On the richness of C++
Jason House
jason.james.house at gmail.com
Tue Apr 15 12:38:00 PDT 2008
Walter Bright Wrote:
> Edward Diener wrote:
> > The question is: has anyone tackled in D some of the template
> > metaprogramming tasks which various Boost programmers have accomplished
> > with C++ ?
>
> Yes. See std.algorithms, for one. It is written by Andrei Alexandrescu,
> the guy who revolutionized template programming in C++ with his book
> "Modern C++ Design."
> [...]
> For one example, I reduced a whole chapter of Andrei's "Modern C++
> Design" to one page of D, see std.typetuple.
I'd love to see some kind of page comparing D with the contents of Modern C++ Design. It'd be a good selling point for D when the hoards of disgruntled C++ programmers start looking at D. I wonder what could be done within copy right restrictions...
> > I am trying to get a feel for how different, or how much easier ( or
> > perhaps harder ) it would be to do Boost things like Spirit (
> > lex/yacc-like DSEL ),
>
> I wrote a toy Spirit clone a while back, just as a proof of concept. It
> is very doable.
Would you be willing to add it on dsource, scrapple, etc...? I think the doost project has been inactive for a while...

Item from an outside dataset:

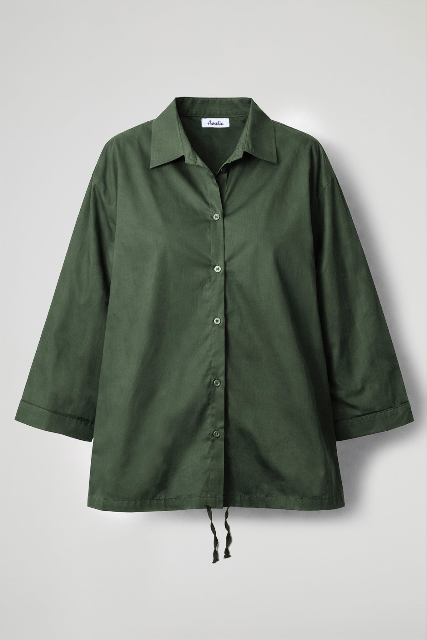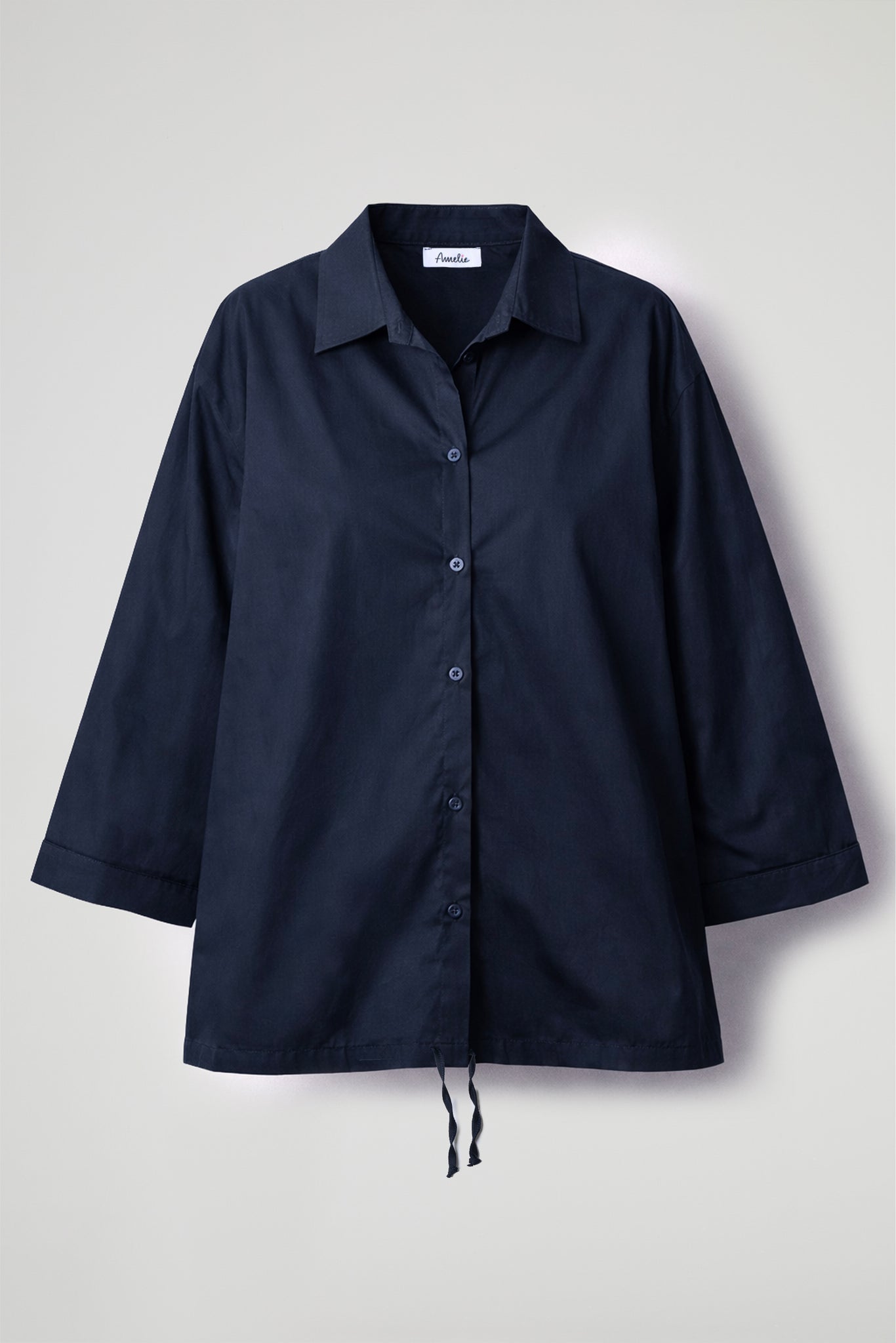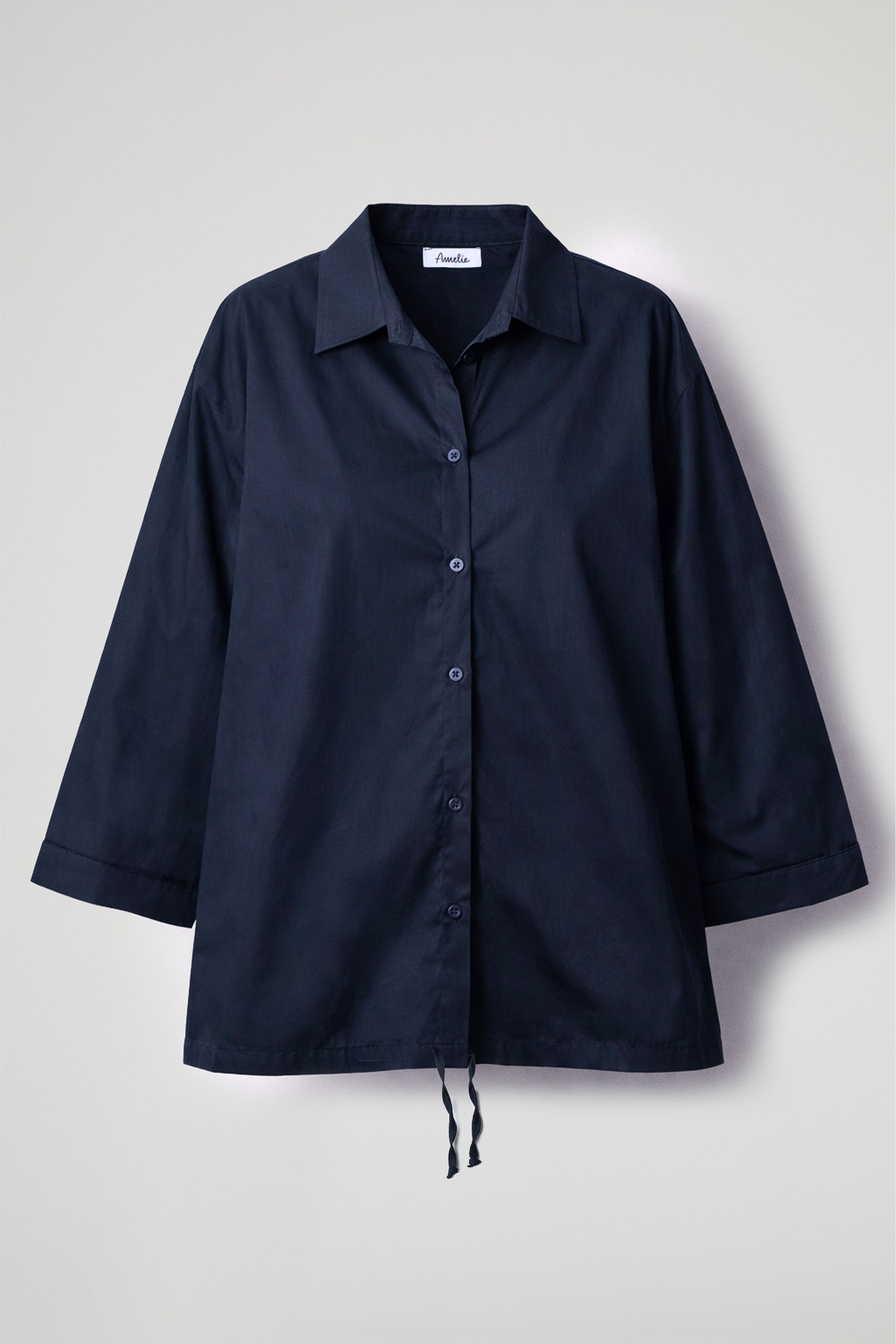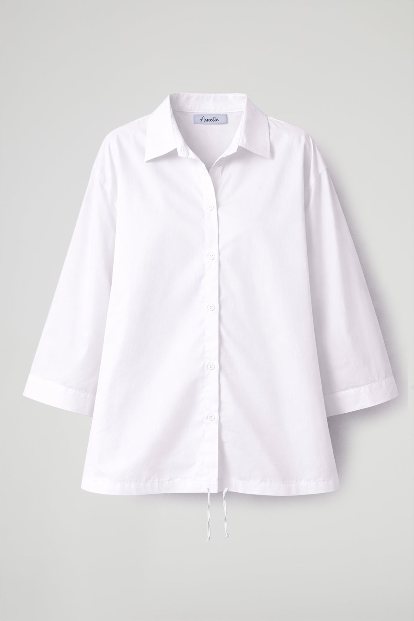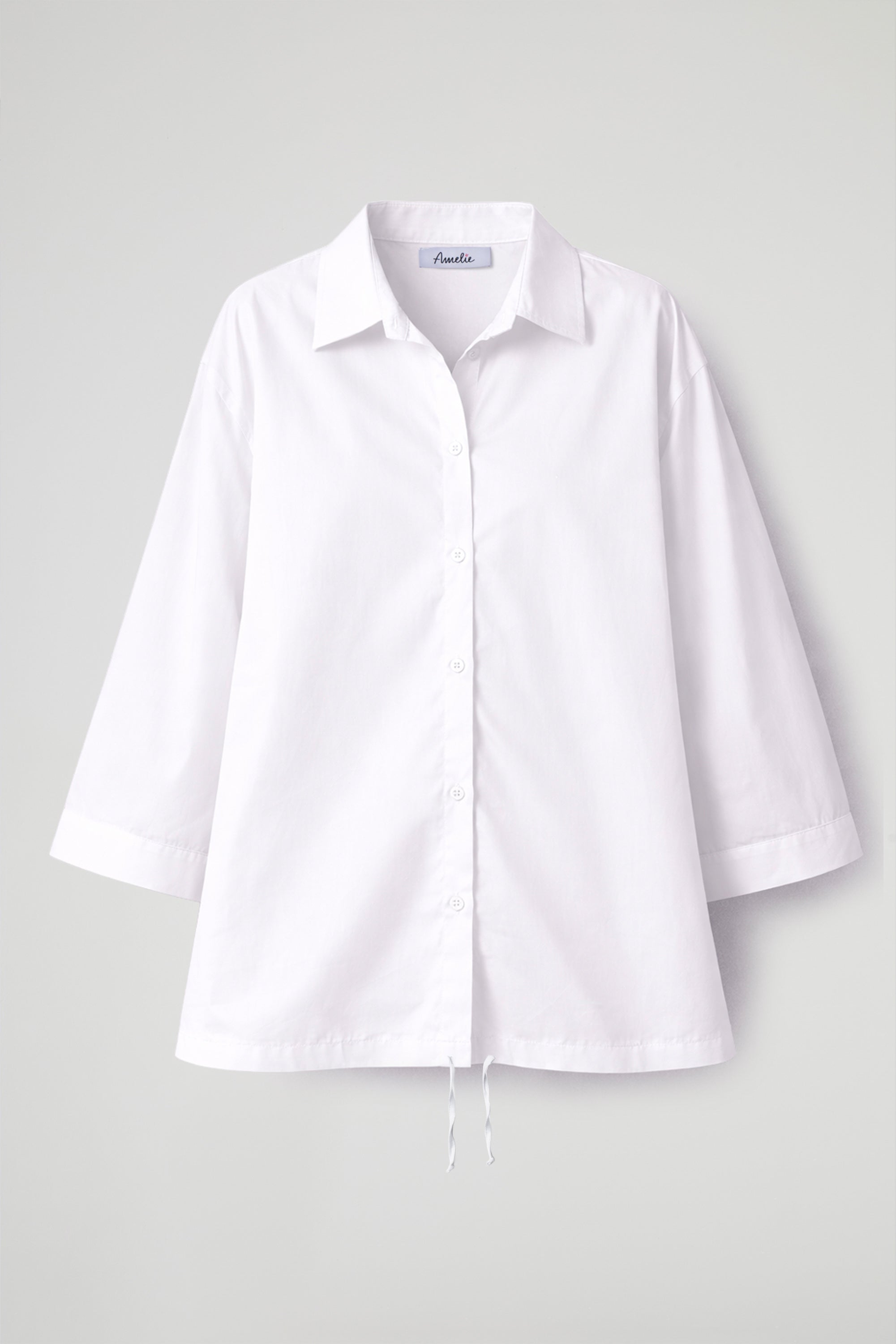 Camicia asimmetrica in popeline di cotone, colletto classico, maniche a  ¾ con orlo ribattuto, chiusura frontale con bottoni, dettaglio coulisse regolabile sul fondo, cucitura centrale sul retro. Linea morbida

> > function ( universal callable ), bind and/or
> > lambda ( function object creation ),
>
> I believe that closures and delegates make those irrelevant.
Unfortunately not.
Function collapses *all* the various function types into one easy to use form. D has both function and delegate, so some 3rd party utility is still needed.
Closures capture variables by reference. This means that creating delegates inside a foreach loop (with deferred evaluation) could fail to have the expected behavior. Bind stores stuff by value, so I still find myself using bind libraries.